IBM’s Watson has blazed the news when the system played Jeopardy, showcasing the greatest advancements in AI. Prior to that IBM was famous for the Deep Blue, a chess playing Robot, which took a brute-force approach, relying on a giant opening book and sheer computational power to search the game tree, rather than the intuitive approach apparently taken by human players.

In computer science, we often get to see a large number of algorithms that deal with making decisions. The one being used here for Jeopardy is Question Answering (QA), which is part of algorithm called Information Retrieval (IR). IR helps in retrieval of relevant information or documents from a store (which can be wikis), while QA specifically deals with returning information in response to natural language questions (who, where, when, what, etc.).

On one side where QA goes focuses on answering specifically (just a word or phrase), on the other side IR commonly returns whole documents (as search engines do). IBM calls such a combination of algorithm : DeepQA.

“DeepQA”, Davidian explained, “scales out with and searches vast amounts of unstructured information. Effective execution of this software, corresponding to a less than three second response time to a Jeopardy! question, is not just based on raw execution power. Effective system throughput includes having available data to crunch on. Without an efficient memory sub-system, no amount of compute power will yield effective results. A balanced design is comprised of main memory, several levels of local cache and execution power. IBM’s POWER 750’s scalable design is capable of filling execution pipelines with instructions and data, keeping all the POWER7 processor cores busy. At 3.55 GHz, each of Watson’s POWER7 on-chip bandwidth is 500 Gigabytes per second. The total on-chip bandwidth for Watson’s 360 POWER7 processors is an astounding 180,000 Gigabytes per second!”

The algorithms used to compute the answers are far more complex than normal AI used in Robots.
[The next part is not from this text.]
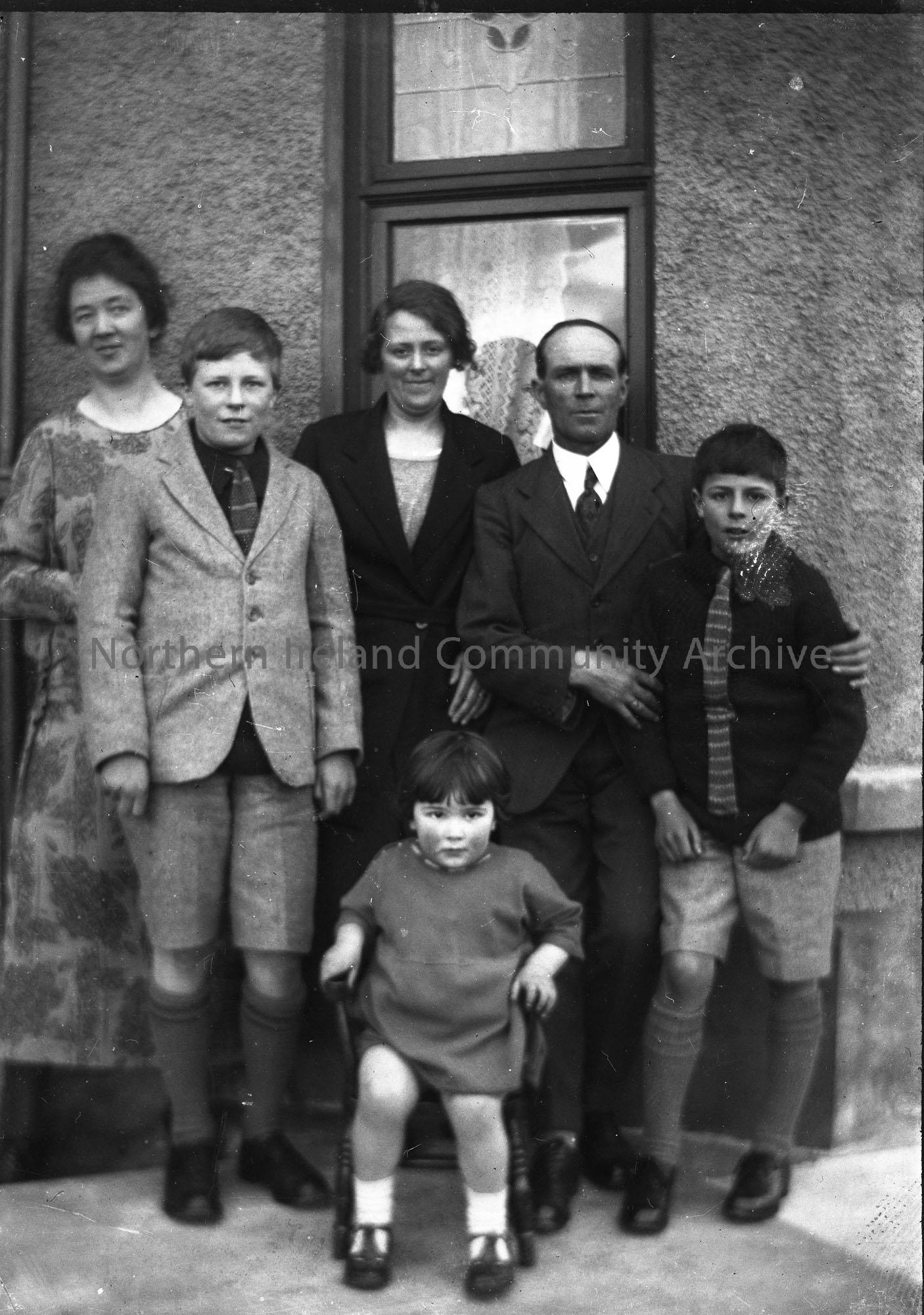 Black and white photographic image on glass plate. Numbered as No. 7 and titled, 'Olive and Plumbridges'. Sam Henry's daughter Olive sitting in a chair. Sam Henry's wife Maimie is on far left.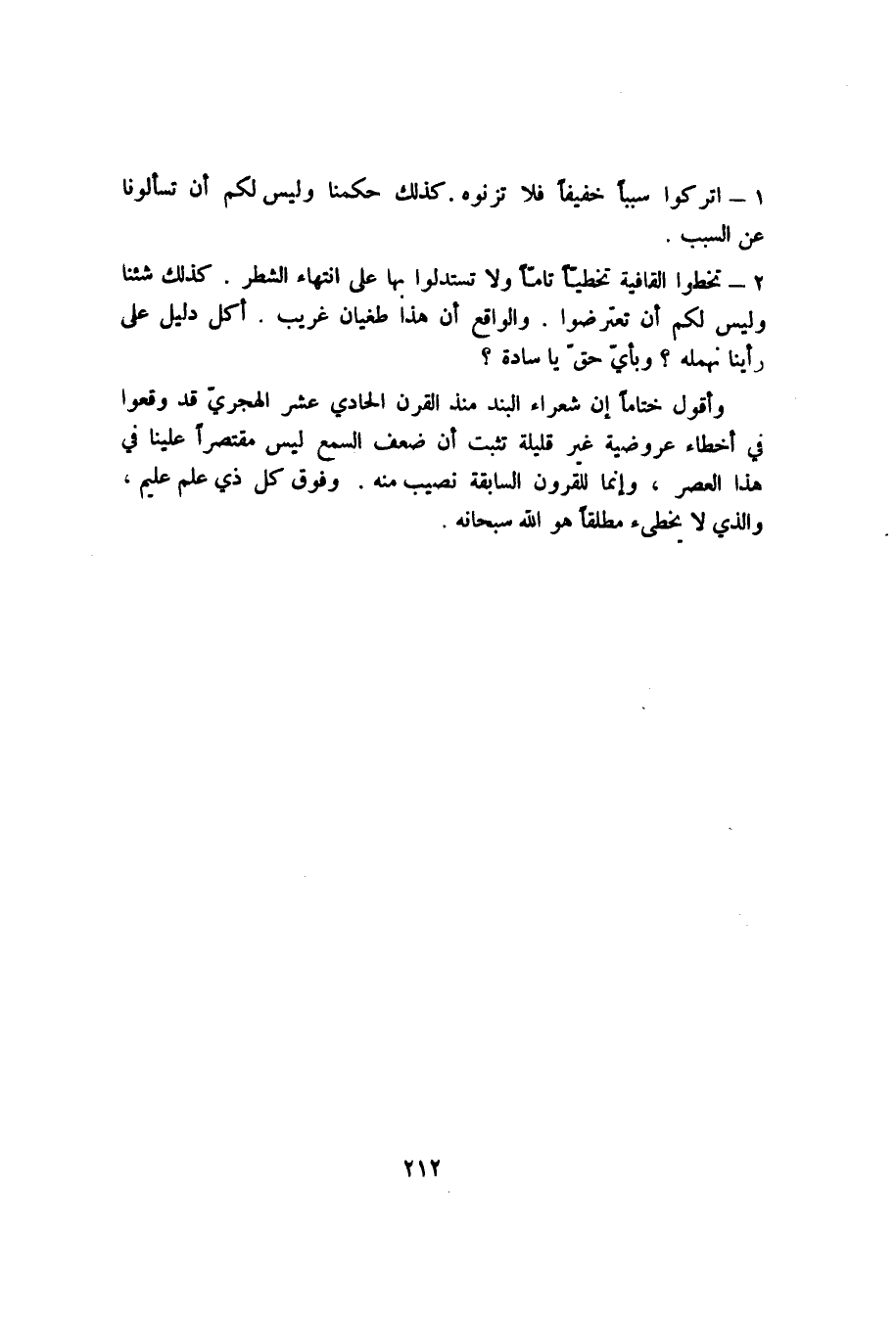 وأقول ختامًا إن شعراء البند منذ القرن الحادي عشر الهجري قد وقعوا في أخطاء عروضية غير قليلة تثبت أن ضعف السمع ليس مقتصرًا علينا في هذا العصر، وإنما للقرون السابقة نصيب منه. وفوق كل ذي علم عليم، والذي لا يخطئ مطلقًا هو الله سبحانه.

It can be considered as complex as a search engine itself which actually makes decisions. The paper (Ferucci et al 2010, AI magazine), outlines Watson’s approach to Question Answering in detail. It’s 20 pages long, but it’s not incredibly technical, highly recommended for everyone who have the passion.

The machine is named after Thomas J Watson, the founder of IBM.
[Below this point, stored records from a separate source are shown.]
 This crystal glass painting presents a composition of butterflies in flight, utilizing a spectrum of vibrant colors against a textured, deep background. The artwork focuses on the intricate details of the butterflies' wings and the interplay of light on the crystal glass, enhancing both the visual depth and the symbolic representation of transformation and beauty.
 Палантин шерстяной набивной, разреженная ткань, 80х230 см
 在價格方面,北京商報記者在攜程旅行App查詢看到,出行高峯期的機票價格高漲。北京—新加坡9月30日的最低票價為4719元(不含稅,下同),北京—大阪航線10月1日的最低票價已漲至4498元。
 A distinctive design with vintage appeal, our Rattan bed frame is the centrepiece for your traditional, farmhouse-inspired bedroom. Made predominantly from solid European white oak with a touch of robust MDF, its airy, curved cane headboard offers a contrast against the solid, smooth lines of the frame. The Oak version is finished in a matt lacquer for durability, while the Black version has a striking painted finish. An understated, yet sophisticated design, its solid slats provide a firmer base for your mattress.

If you want to succeed, double your failure rate – Thomas J. Watson

The paper begins with acknowledgements of the complexity of the problem and the scope:

“we appreciate that this challenge alone does not address all aspects of QA and does not by any means close the book on the QA challenge the way that Deep Blue may have for playing chess. However, note that while the Jeopardy! game requires that answers are delivered in the form of a question … this transformation is trivial and for purposes of this paper we will just show the answers themselves”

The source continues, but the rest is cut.